In China, mobile subscriptions already exceed 100% of the population. It is an incredibly saturated market, with little room to grow. There might be more consumers entering into the dual-SIM lifestyle, but this is already a trend which has been developing for some time. Relating this back to the analogy, the bowl is unlikely to get any bigger any time soon, therefore the volume of soup is also unlikely to increase.

This is the challenge with the consumer facing business. Every time a telco steals a customer (nudges the bowl), the monthly subscription of that user also decreases. When this happens numerous times, the total amount of revenue in the industry gradually decreases (soup spills out of the bowl). Undercutting current providers is the primary way in which telcos gain new subscriptions, and it does not look like there is grounds to justify an increase in ARPU right now. This might change with the introduction of 5G subscriptions, but that remains to be seen.

This is one challenge for the industry, the total revenues are getting smaller, but parallel to this, the demands of the consumer are also increasing. Aili points to global trends of increased data consumption as a worrying sign. Delivering on these expectations, limitless data tariffs are starting to become the norm nowadays, is an expensive business. With this in mind, focusing on the consumer connectivity business is a slow erosion of revenues.

The ambition of China Telecom is a simply one; as it stands it owns the pipeline of connectivity, but the future is all about owning the platform and content as well. In the household, this looks like delivering connectivity, but also the smart home platform which manages applications and products, but also content in the entertainment world.
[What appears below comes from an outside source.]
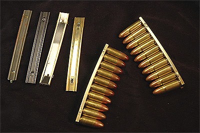 モーゼルの真鍮製クリップ。右から4つ、その次はモデルガン用の物(なに用か判らない)。

While it might seem like a simple point to make, there still are telcos out there striving to dominate consumer connectivity alone; with the soup bowl gradually emptying, and increasingly becoming more expensive to maintain, should this be deemed a sensible business model?

China Telecom doesn’t want to be a telco anymore, the ambition here is to be an intelligent services company, sounding very similar to cousins in the OTT world.


One comment

  1. rwakelin 27/06/2018 @ 6:53 pm

    I think there is an alternative use for the Bowl of Soup analogy.

    The Bowl is not so much nudged but is oscillating all on it’s own. This movement of the Bowl equates to the variable quality of the service being given to customers.

    The Soup spillage is customers churning to a competitor network because they are not satisfied with the quality of the current provider.

    Yes, price can be used to compete but why not sustain your price and provide a better service?